**THE DATA**:
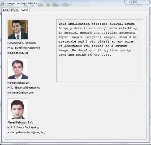 This application performs digital image forgery detection through data embedding in spatial domain and cellular automata. Input images should be grayscale at any size. It generates PNG format as a output image. Developed by Mohammad V. Malakooti.
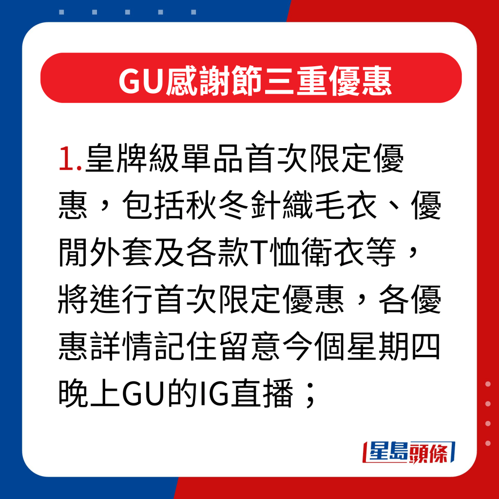 ▲GU感谢节三重优惠,1.皇牌级单品首次限定优惠,包括秋冬针织毛衣、优闲外套及各款T恤卫衣等,将进行首次限定优惠,各优惠详情记住留意今个星期四晚上GU的IG直播;
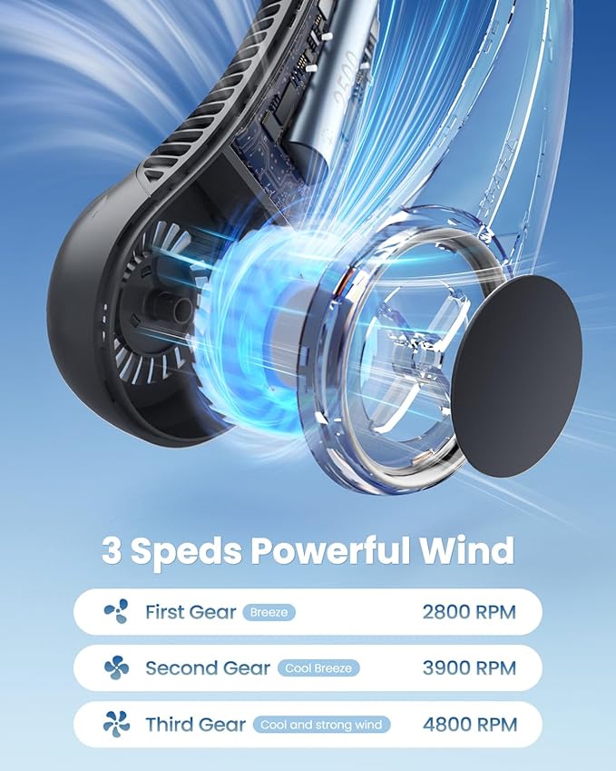 - Powerful Wind with 3 Speed Settings: This neck cooler uses turbine blades to boost airflow, delivering steady, strong wind that quickly refreshes you. You can easily adjust the speed to suit your needs—whether you want a gentle breeze or a powerful blast
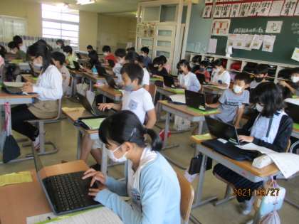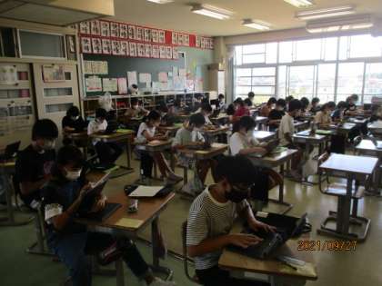 総合的な学習の時間で子供たちは、鵜坂について調べたことをタブレットを使ってまとめる作業をしています。文字の大きさや背景、画像の挿入等を考えながら資料づくりをしており、情報収集能力だけではなく、タブレットを使いこなす技能も高めてきています。
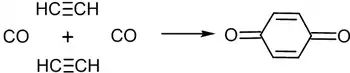 Циклообразование в присутствии оксида углерода(II) приводит к получению бензохинона[13]:
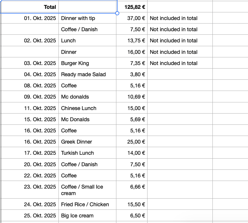 I am still pretty well on track, I have 74 Euro for eating out in the last week of the month
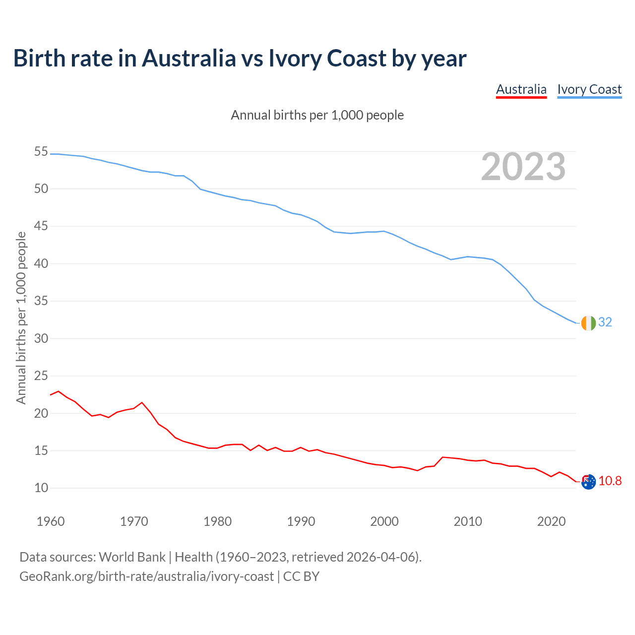 GeoRank.org/birth-rate/australia/ivory-coast | CC BY

**YOUR ASSIGNMENT**: Copy each line above exactly, with no images.

**RESPONSE TO THIS EXERCISE**:
 This application performs digital image forgery detection through data embedding in spatial domain and cellular automata. Input images should be grayscale at any size. It generates PNG format as a output image. Developed by Mohammad V. Malakooti.
 ▲GU感谢节三重优惠,1.皇牌级单品首次限定优惠,包括秋冬针织毛衣、优闲外套及各款T恤卫衣等,将进行首次限定优惠,各优惠详情记住留意今个星期四晚上GU的IG直播;
 - Powerful Wind with 3 Speed Settings: This neck cooler uses turbine blades to boost airflow, delivering steady, strong wind that quickly refreshes you. You can easily adjust the speed to suit your needs—whether you want a gentle breeze or a powerful blast
 総合的な学習の時間で子供たちは、鵜坂について調べたことをタブレットを使ってまとめる作業をしています。文字の大きさや背景、画像の挿入等を考えながら資料づくりをしており、情報収集能力だけではなく、タブレットを使いこなす技能も高めてきています。
 Циклообразование в присутствии оксида углерода(II) приводит к получению бензохинона[13]:
 I am still pretty well on track, I have 74 Euro for eating out in the last week of the month
 GeoRank.org/birth-rate/australia/ivory-coast | CC BY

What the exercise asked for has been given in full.